A 100-Year-Old Idea Is New Every Day
How Ford's Assembly Line Has Changed Over 100 Years [Source: http://www.youtube.com/watch?v=cxjZ2VT9lFU]
One hundred years ago this month, the automaker Henry Ford stretched a 150-foot rope down the length of his manufacturing plant, attached it to a winch, and - voila - the moving assembly line was born.
Such an assembly line arose from the basic need to manufacture a product - in Ford's case, automobiles - fast enough to keep up with consumer demand. Up until 1913, the production of a car typically involved a team of skilled machinists who would build the model from the ground up.
The assembly line was innovative because it assigned a single task to each of the workers along the line. The workers repeated their tasks on each car that came down the assembly line. This format meant the worker didn't necessarily have to be a skilled machinist. Because the work often involved simply affixing a part to the body of the car, a worker with fewer skills could be hired.

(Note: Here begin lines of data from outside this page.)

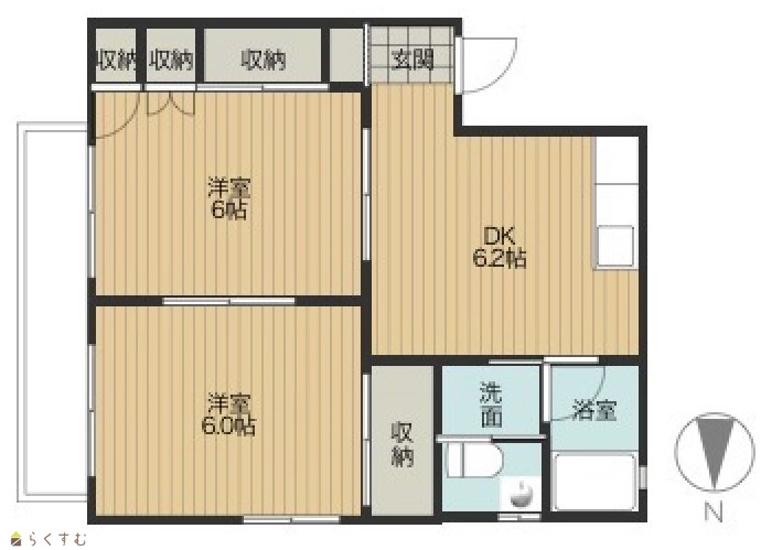 | 間取り | 2DK (洋室:6、6) 6.2 |
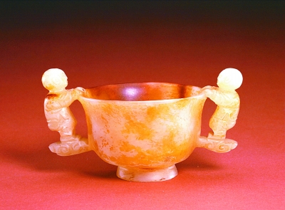 白玉雙嬰耳杯(故宮博物院藏)資料圖片
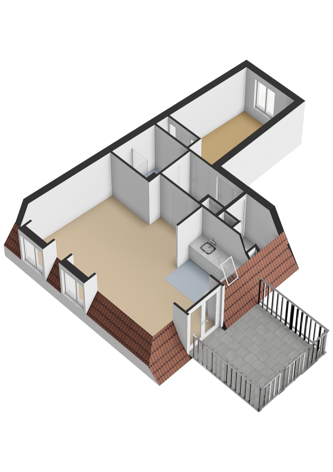 -Het dakterras is ca. 12 m2 groot en gelegen op het zuiden, waardoor u hier de hele dag van de zon kunt genieten.
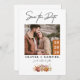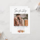 Anuncie sua data de casamento com este charmoso cartão de data. O design apresenta uma folhagem floral de outono cor de laranja rústica para um toque sazonal quente. Substitua a foto pela sua para dar um toque pessoal. O cartão destaca "SALVAR A DATA" na tipografia manuscrita e nos nomes dos casais em tipografia em negrito. Perfeito para um casamento outono.
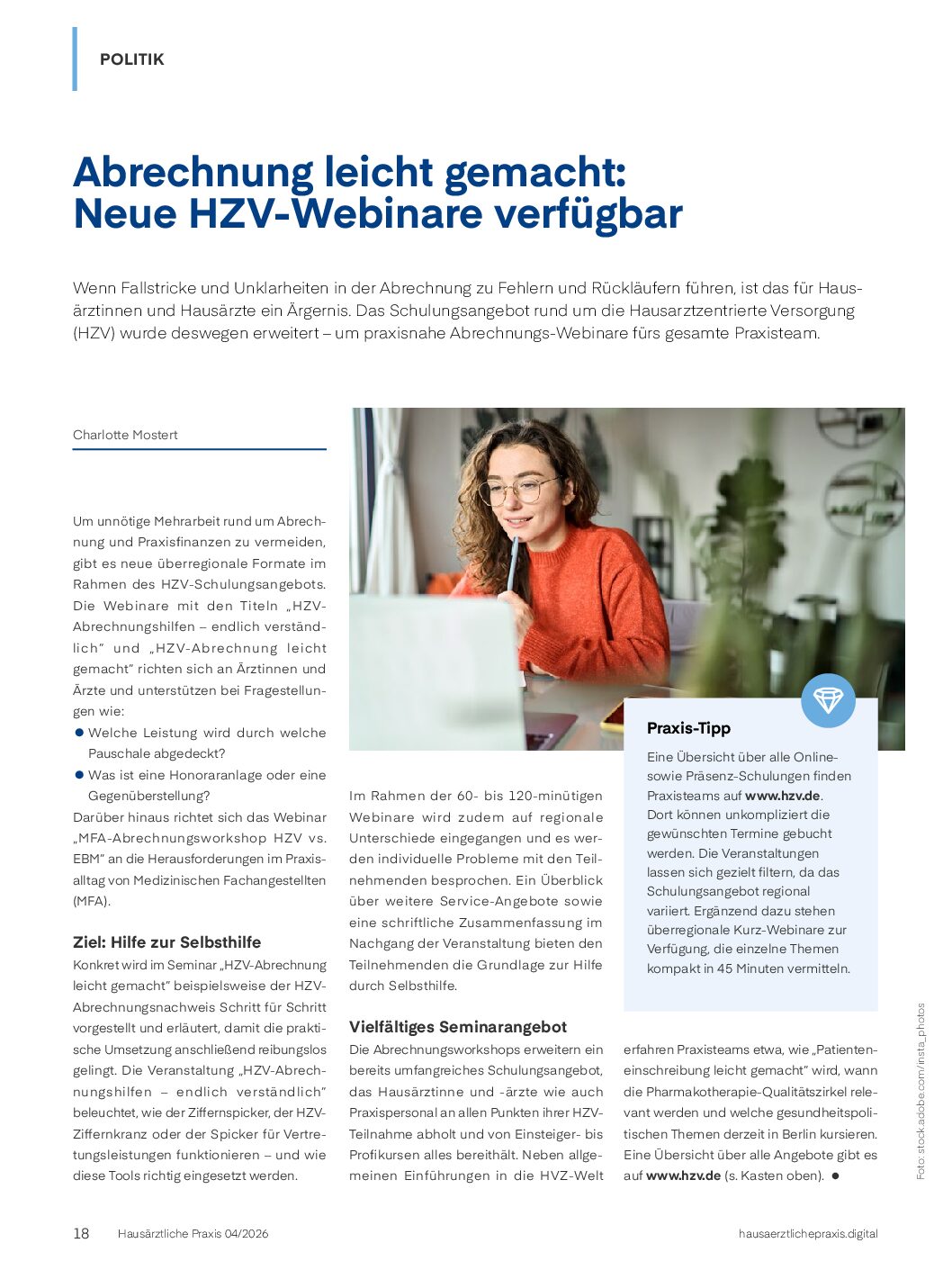 Neben allgemeinen Einführungen in die HVZ-Welt erfahren Praxisteams etwa, wie “Patienteneinschreibung leicht gemacht” wird, wann die Pharmakotherapie-Qualitätszirkel relevant werden und welche gesundheitspolitischen Themen derzeit in Berlin kursieren. Eine Übersicht über alle Angebote gibt es auf www.hzv.de (s. Praxis-Tipp).
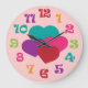 This fun design features clock numbers in a rainbow of colours, and four hearts in teal, purple, pink and red colours. To personalise the clock, click on the Customise It button. This clock works makes a great décor item for a girls room.
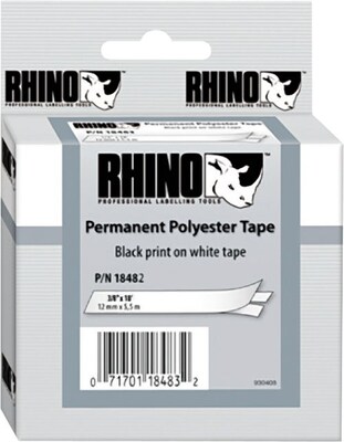 DYMO Rhino Permanent Polyester DYM18482 Label Maker Tape, 3/8"W, Black on White
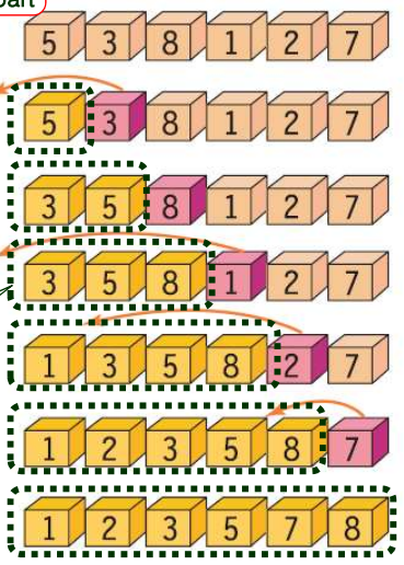 + 이미 정렬 되어있으면 O(n) - 대부분 정렬되어 있으면 매우 효율적

In turn, more people could get employment and develop their skills on the job. In just a few weeks, the assembly line reduced the time it took to manufacture an automobile to three hours from 12. So why, you ask, am I dusting off this interesting piece of industrial history? Well, we live in the digital age, when bits and bytes of information can travel around global networks in seconds. Yet the moving assembly line, which is a century old, is nevertheless an innovation in progress.
The 100-year anniversary of this concept got me to thinking that innovations aren't static things. The best ones are constantly evolving in order to meet the latest needs and expectations of consumers and organizations. Think of how the assembly line has changed: It originally was well suited to manufacturing one model. Automakers cranked out what was essentially the same car time and again, even if it had slight modifications such as differently colored paint jobs.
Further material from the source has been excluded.